### RECORDED INFORMATION ###

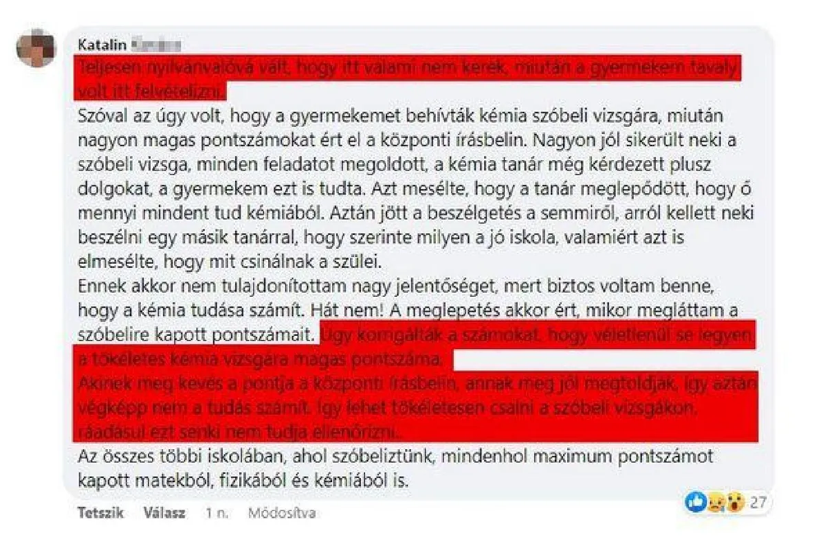 „Teljesen nyilvánvalóvá vált, hogy itt valami nem kerek, miután a gyermekem tavaly volt itt felvételizni” – kezdte a történetét – ugyancsak a Facebookon – egy édesanya, akinek a gyermekét azután hívták be kémia szóbeli vizsgára, hogy nagyon magas pontszámokat ért el a központi írásbelin.
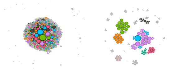 Finally, the nodes in the graphs were colored according to the communities to which they belonged calculated according to the Louvain modularity [83], and the size of the node was represented in the graph proportionally to the number of links (degree).
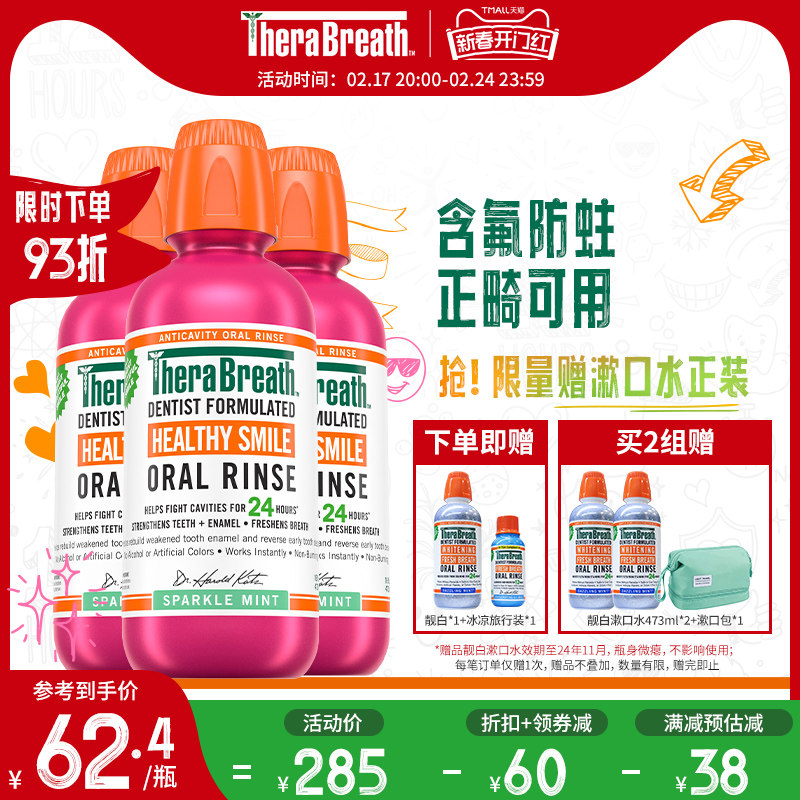 3瓶装美国TheraBreath凯斯博士美牙漱口水去口臭防蛀牙牙釉质修复

###

• **AIM OF THE TASK**:
Write the material out again word for word and omit any images.

• **EXERCISE SOLUTION**:
 „Teljesen nyilvánvalóvá vált, hogy itt valami nem kerek, miután a gyermekem tavaly volt itt felvételizni” – kezdte a történetét – ugyancsak a Facebookon – egy édesanya, akinek a gyermekét azután hívták be kémia szóbeli vizsgára, hogy nagyon magas pontszámokat ért el a központi írásbelin.
 Finally, the nodes in the graphs were colored according to the communities to which they belonged calculated according to the Louvain modularity [83], and the size of the node was represented in the graph proportionally to the number of links (degree).
 3瓶装美国TheraBreath凯斯博士美牙漱口水去口臭防蛀牙牙釉质修复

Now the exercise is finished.